Assigned task.
From the line with "ベスト レディース ノースリーブ" to the line with "온라인에서 양향자의 검수완박 반대 입장문이 돌았었지요.", retype each line exactly as it stands in the records below, but skip the pictures.

Data supplied.
········
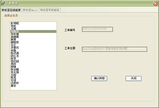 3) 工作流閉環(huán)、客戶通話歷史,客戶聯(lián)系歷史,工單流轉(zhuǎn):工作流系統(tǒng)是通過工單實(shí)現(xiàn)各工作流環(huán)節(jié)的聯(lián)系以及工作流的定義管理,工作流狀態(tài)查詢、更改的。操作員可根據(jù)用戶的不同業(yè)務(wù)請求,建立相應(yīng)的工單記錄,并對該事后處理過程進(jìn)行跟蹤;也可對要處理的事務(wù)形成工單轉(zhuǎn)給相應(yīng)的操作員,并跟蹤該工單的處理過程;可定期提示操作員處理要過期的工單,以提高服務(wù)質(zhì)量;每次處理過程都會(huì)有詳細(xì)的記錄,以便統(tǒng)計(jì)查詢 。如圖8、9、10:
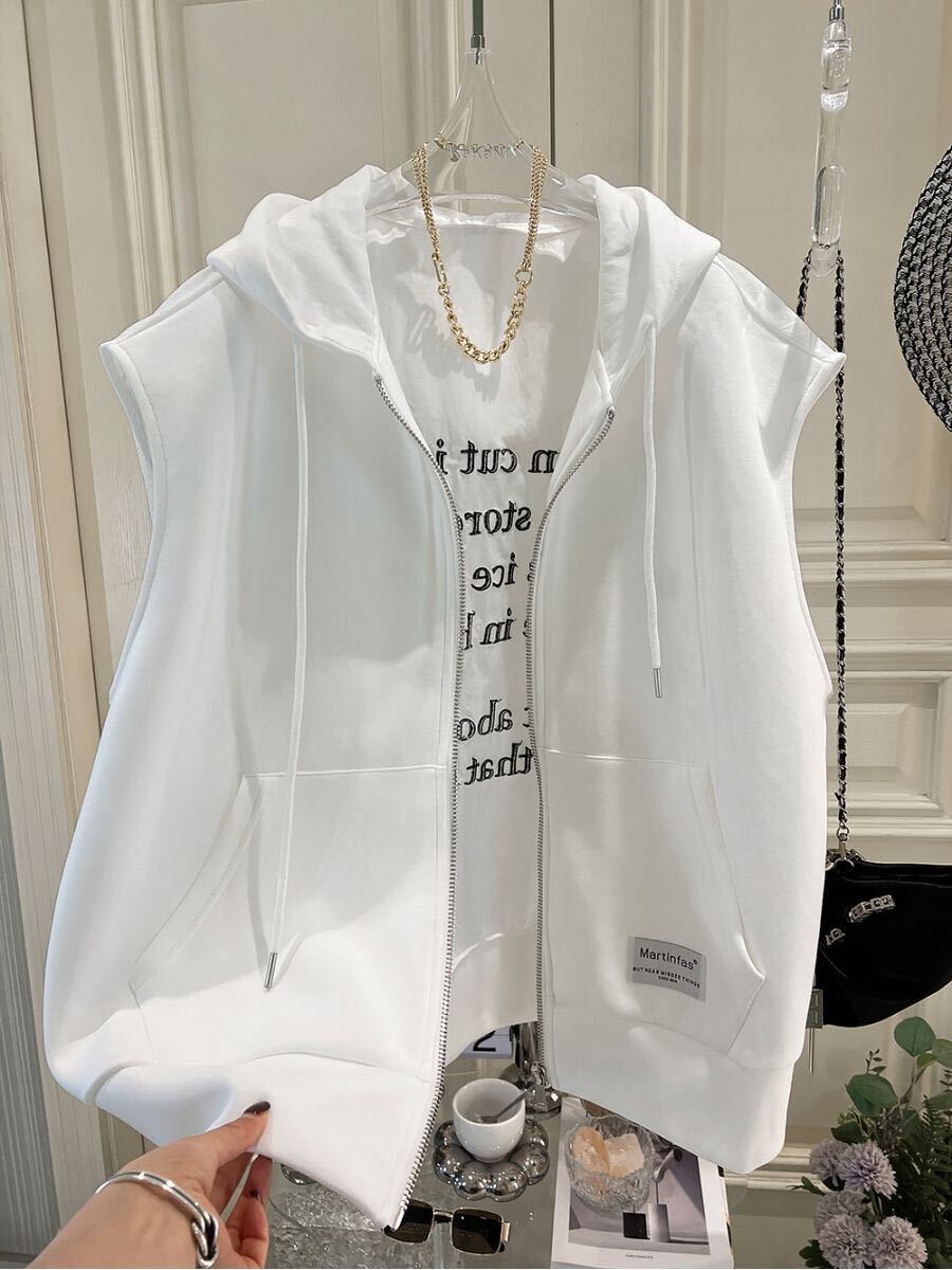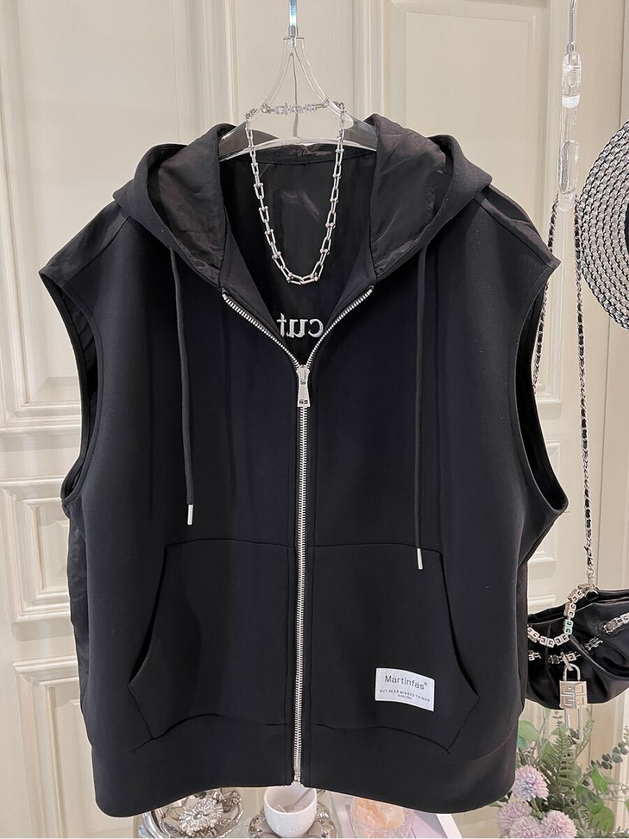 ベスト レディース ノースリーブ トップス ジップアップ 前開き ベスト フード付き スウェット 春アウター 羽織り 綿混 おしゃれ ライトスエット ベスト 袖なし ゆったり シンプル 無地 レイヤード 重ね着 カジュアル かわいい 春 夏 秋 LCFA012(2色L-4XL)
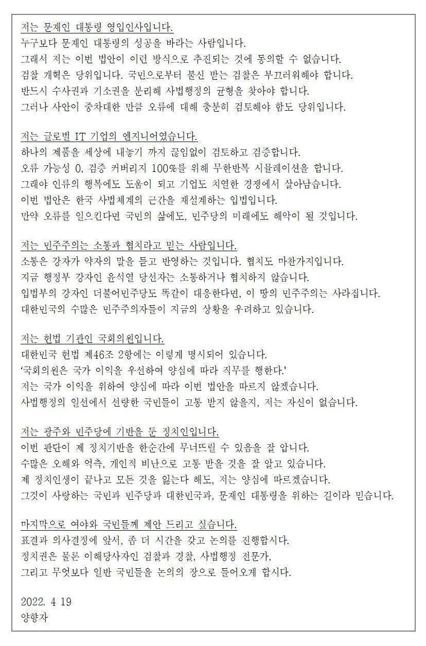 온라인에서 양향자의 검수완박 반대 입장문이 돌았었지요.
········
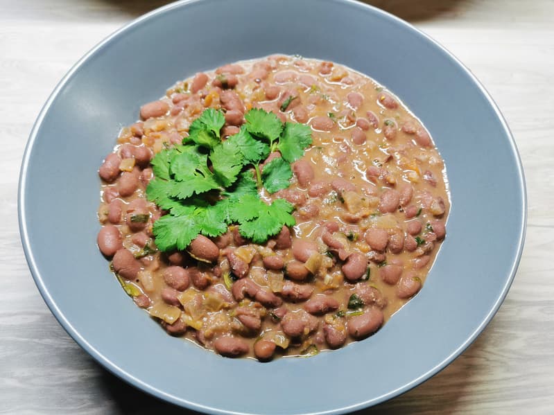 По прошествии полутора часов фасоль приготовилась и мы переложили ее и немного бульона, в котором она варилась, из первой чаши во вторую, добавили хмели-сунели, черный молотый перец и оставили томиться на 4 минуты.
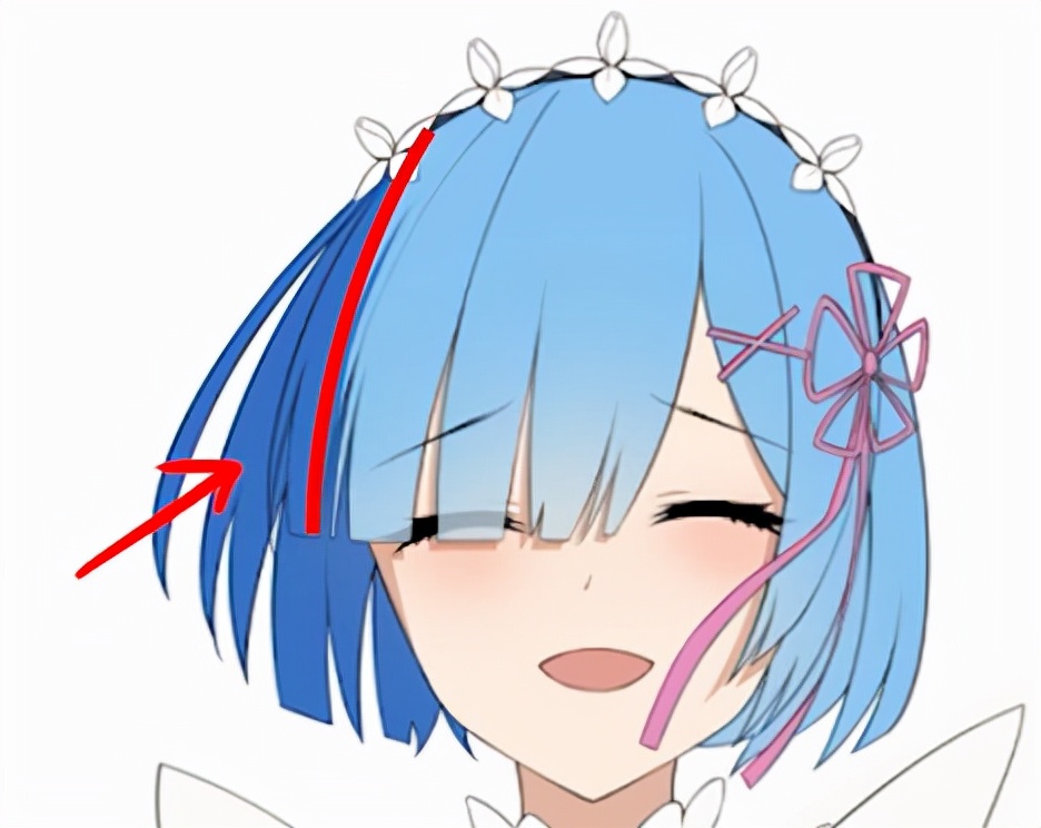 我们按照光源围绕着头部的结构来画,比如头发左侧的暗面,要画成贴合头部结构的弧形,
········
Reply.
 ベスト レディース ノースリーブ トップス ジップアップ 前開き ベスト フード付き スウェット 春アウター 羽織り 綿混 おしゃれ ライトスエット ベスト 袖なし ゆったり シンプル 無地 レイヤード 重ね着 カジュアル かわいい 春 夏 秋 LCFA012(2色L-4XL)
 온라인에서 양향자의 검수완박 반대 입장문이 돌았었지요.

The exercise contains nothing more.